Header Ads


Pusing Setelah Berhubungan Seks? Mungkin Ini 7 Penyebabnya!



Majalahqqhoki - Untuk beberapa kasus, merasa pusing setelah hubungan seks adalah hal yang wajar. Seringkali itu disebabkan oleh stres yang mendasarinya ataupun karena perubahan posisi yang terlalu cepat.

Namun, rasa pusing ini harus mulai kamu waspadai kalau muncul beserta dengan gejala lain. Ini 7 penyebab yang harus kamu waspadai beserta dengan gejala lain yang menyertainya.


1. Tekanan darah rendah

Tekanan darah seseorang bisa berfluktuasi sepanjang hari. Ini dipengaruhi oleh beberapa faktor, termasuk tingkat stresmu, posisi tubuh, waktu, dan pernapasan. Terkadang, pusing adalah tanda tekanan darahmu rendah.

Kalau kamu mengalami pusing sesekali, hal itu tidak perlu dikhawatirkan. Kamu harus mulai mencari pertolongan dokter kalau pusingmu disertai dengan penglihatan yang kabur, mual, sulit berkonsentrasi hingga pingsan.


2. Gula darah rendah

Gula darah rendah, atau hipoglikemia, terjadi ketika kadar glukosa dalam darahmu turun di bawah batas normal. Meskipun gula darah rendah lebih umum pada penderita diabetes, ini bisa terjadi pada siapa saja. Ini dikenal sebagai hipoglikemia nondiabetes.

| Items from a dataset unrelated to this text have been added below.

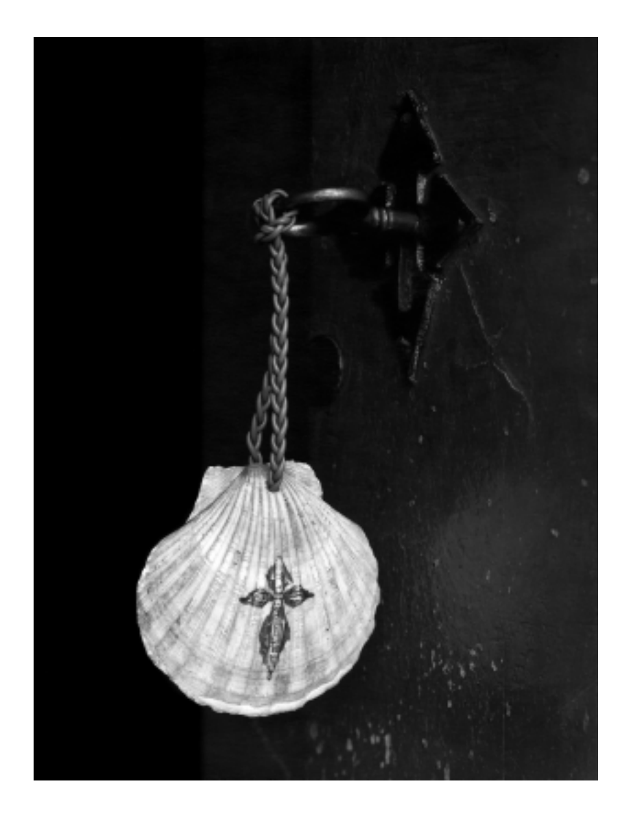
The scallop shell and the red dagger cross are traditional symbols of the Santiago pilgrimage. This key opens the door to the Church of St. James in Villafranca del Bierzo, Spain.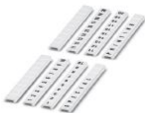
Zack marker strip flat, 10-section, vertically labeled with the consecutive numbers: 11 ... 20, white

Please be informed that the data shown in this PDF Document is generated from our Online Catalog. Please find the complete data in the user's documentation. Our General Terms of Use for Downloads are valid ( http://phoenixcontact.com/download )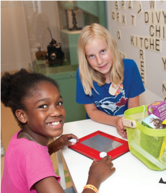
Young visitors fascinated with the exhibition Canada at Play: 100 Years of Games, Toys and Sports on loan from the Royal Ontario Museum.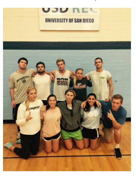
Co-Rec Dodgeball, "Brewzers"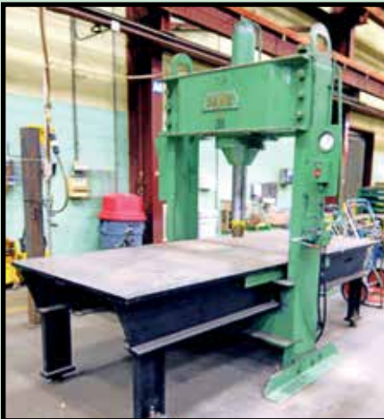
DAKE PLATE STRAIGHTENING PRESS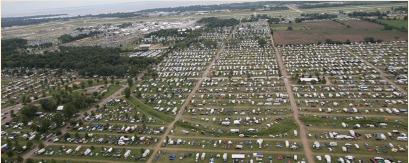
EAA AirVenture Oshkosh's Camp Scholler opens Friday, June 27.

June 25, 2014 - Early AirVenture arrivers are expected to be lined up and ready to stake their claim the morning of Friday, June 27, as registration for Camp Scholler opens for EAA AirVenture Oshkosh 2014 – just over a month before opening day.

Sangat umum untuk merasa pusing ketika gula darahmu rendah. Kamu mungkin juga akan merasa lapar, gelisah, mudah tersinggung, dan sakit kepala ringan. Hal ini bisa terjadi setelah beberapa jam tanpa makan ataupun minum. Bisa juga setelah mengkonsumsi banyak alkohol. Kalau gejalamu sangat parah dan sampai mengganggu kualitas harimu, segera kunjungi dokter.


3. Kondisi jantung

Kalau pada dasarnya kamu memang memiliki masalah jantung, kamu harus waspada kalau merasa pusing setelah berhubungan seks. Apalagi jika rasa pusing disertai dengan sesak napas, bengkak di kaki, sakit dada atau juga kelelahan. Kalau kamu mengalami gejala ini meskipun tidak memiliki masalah jantung sebelumnya, jangan segan untuk segera memeriksakannya ke dokter sesegera mungkin.


4. Konsumsi obat-obatan

Seseorang yang mengonsumsi obat-obatan untuk disfungsi ereksi bisa mengalami sakit kepala setelah hubungan seks. Obat-obatan ini seperti ildenafil (Viagra), tadalafil (Cialis) dan vardenafil (Levitra).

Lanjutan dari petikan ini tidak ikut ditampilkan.